About $5-7 billion, probably more, sunk in real estate ventures, are looking for exit. The investors are property and private equity funds which raised money from wealthy savers across the world to invest in India’s booming realty market between 2005 and 2008. These funds have run their course and their managers are now looking for ways to return the money — at least some of it — to the original investors who were promised high double-digit returns in the go-go years when the numbers appeared achievable.
The investments happened in stocks and quasi-equity structures (with built-in returns) of companies that owned land and half-done projects initiated by local developers which stepped in as JV (joint venture) partners. The Indian partner promised quick clearances, cheap labour and ready buyers. In many cases the story has taken a different turn, thanks to delays in approvals, cost escalation, softening property prices and choosy buyers, the cycle of projects has stretched well beyond the life cycle of funds.
A well-known builder in Bangalore — known for its decent construction and handing over keys to home buyers on time — is stuck with 170 acres of land it jointly owns with a PE (private equity) fund. Neither does the local realtor have the money to buy out the fund nor can it attract new financiers who are convinced about the bankability of a new project — be it commercial office space or residential towers. There are many others who find themselves in similar situations.
But as in all markets, there is always a price at which goods change hands. The quagmire for many developers and their sophisticated fund partners has emerged as a landscape of opportunities for other breeds of financiers. The new investors are snooping around for deals where land, under-constructed buildings and townships can be bought cheap from distressed buyers. Only a beaten down price can justify their entry and enable them to generate 20-22% return, else, after seven years they too would be left stuck like the sellers who are stranded now.
NEW BETS, NEW MONEYBAGS
There’s a spree of refinancing transactions.
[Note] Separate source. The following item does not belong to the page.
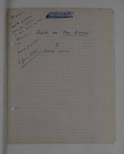 Important manuscrit de premier état avec de nombreuses ratures et corrections, qui fait suite au livre Du Pur Amour publié en 1955 chez Gallimard, et correspond aux trois parties inédites ajoutées par Jouhandeau lors de la réédition de l’ouvrage en 1969 chez le même éditeur. Jouhandeau a inscrit cet envoi à Florence J. Gould (1895-1983) sur la page de titre : « 1er état en 4 parties que je dédie à ma bien aimée Florence. Marcel Jouhandeau 3 juin 1958 ». Le manuscrit, comme l’indique Jouhandeau, est divisé en 4 parties, chaque volume ayant sa pagination propre : I Robert marié (I, p. 1-139), II La catastrophe (p. 140-207), III Retour à la Paix (II, p. 1-71), IV « et fin » (p. 72-244). Il est écrit à l’encre bleue ou violette sur des feuillets de papier-classeur quadrillé et perforé, inégalement remplis, certains au recto et au verso, souvent très raturés et corrigés ; la plupart ont été biffés d’un trait de crayon rouge après réécriture. On relève d’importantes variantes par rapport au texte imprimé. Dans le premier volume du manuscrit, une centaine de pages n’ont pas été reprises dans l’édition originale (p. 429-497 du livre). Dans le second volume, de même, 80 pages ne furent pas retenues dans l’édition définitive, pendant que d’autres pages subissaient d’amples modifications (p. 499-561 du livre). Les divergences constatées correspondent aux parties expurgées par l’éditeur, ou écartées par l’auteur comme trop intimes. Dans Du Pur Amour, récit autobiographique, Marcel Jouhandeau raconte la passion amoureuse qui l’anima pour un jeune homme rencontré par hasard lors d’un voyage en train en 1948. La relation amoureuse qu’il noue avec Robert Coquet lui a inspiré deux ouvrages, L’École des garçons (en 1953) et Du Pur Amour en 1955. Le titre Du Pur Amour donne le ton à ce livre placé sous le signe de l’absolu : Jouhandeau tâche d’explorer une double morale qui impose à son auteur une abnégation et une fidélité, tant vis-à-vis de son jeune amant et que du foyer de celui-ci (Robert Coquet s’est marié), s’essayant par là-même à vivre pleinement une sexualité contrariée comme gage d’une félicité à venir. Citons ces quelques lignes : « J’aime tout ce qui fait le bonheur de Celui que j’aime, La femme est une parure et Brigitte ne te dépare pas. Elle t’embellit. Pourquoi m’en fâcherai-je ? [...] De plus en plus persuadé que dans la mesure où elle est définitive et sans faute, la passion ressemble à la paix intérieure. Après toutes les souffrances qui l’ont décantée, épurée, elle connaît une sorte de foi en elle-même, et en son objet exclusive, une patience préférable peut-être à la possession [...] Il faut que je me décide à l’aimer vraiment, à l’aimer pour lui et non pour moi, à l’aimer, comme il entend l’être de moi. Tant pis si je souffre, pourvu qu’il ne souffre pas. Si pénible que ce soit pour moi, je vais lui rendre mon amour agréable et peut-être l’aimerai-je tellement, l’aimerai-je assez pour trouver tant de joie à lui plaire que j’en oublierai ma peine. Je n’exigerai rien...Grâce à lui, j’ai atteint une élévation, à laquelle je ne puis renoncer, même s’il me manque… Il est des êtres qui ont le privilège d’exprimer comme personne les sentiments de tout le monde. Cela tient-il autant à la musique de leur voix, à l’à-propos de leur réflexion, on les écoute, sans pouvoir s’empêcher d’être ému ou de sourire »... Citons encore la toute dernière phrase du manuscrit : « L’essentiel, c’est de n’être toujours tout entier qu’à ce qu’on aime, sans en rien distraire que pour en redoubler et en perpétuer la possession ».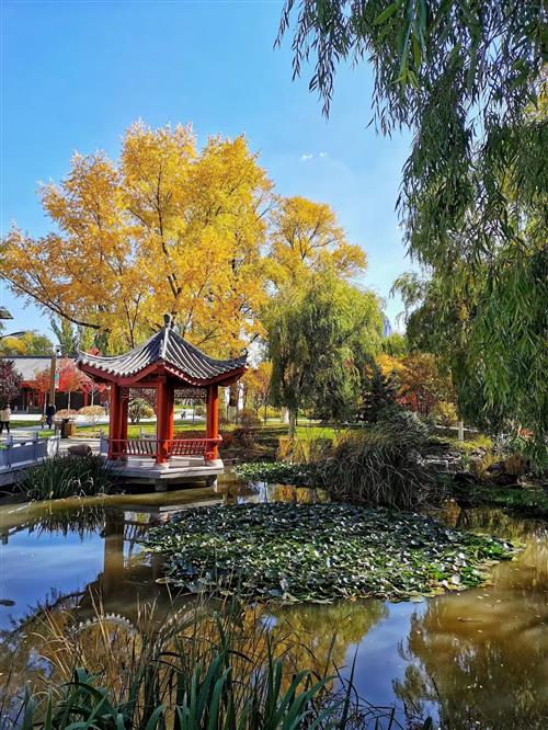 秋正好。举目枫红菊俏。漫步泉河烟水渺。清净无人扰。

The funds are selling their stakes or a sizeable part of holdings to other PE funds — bargain-hunters with freshly raised money; in a few cases, domestic partners (if they have the wherewithal) are buying out the funds; and in many cases the partners are borrowing from large Indian non-banking finance companies, banks and finance firms backed by large Indian business groups to buy out the JV partners. Bank loans (given at 12 to 14%) are fewer and typically in low risk ventures where construction is over and some of the apartments (or office space) have been sold. Non-banking finance companies give credit by subscribing to non-convertible debentures issued by the borrower who has to fork out 15-19% interest — the price a local developer is paying to retain control over the venture and perhaps escape litigation. It’s also with the hope that the market would take off in a few years.
The flurry of new launches and ads mask a different story: most launches are in mid, lower and affordable segments and not in premium projects that were once the flavour of the season and from where most developers and funds are trying to wriggle out. But a new fund buying into an old venture may find it impossible to convert a premium project into an affordable one.
PRICES TO STAY LOW
So, what will be the outcome of new moneybags stepping in to take new bets? First, even if new funds invest — as a few Chinese funds have announced they would — deals would be cut at discount; it’s a reason why real estate prices are unlikely to go up in a hurry. Prices may hold on in a few sought after destinations and pockets of large cities, but not everywhere. Also, the new law on real estate regulations would force developers to complete projects on time to avert penalty; this would add to the supply glut and keep prices low in the short-term.
Second, battling slow loan demand from corporates, local finance companies are going long on realty — lending to investors and developers, they believe, are buying cheap. If the market takes a long time to pick up — and property markets often take years to lose gas — another set of investors would be left with burnt fingers.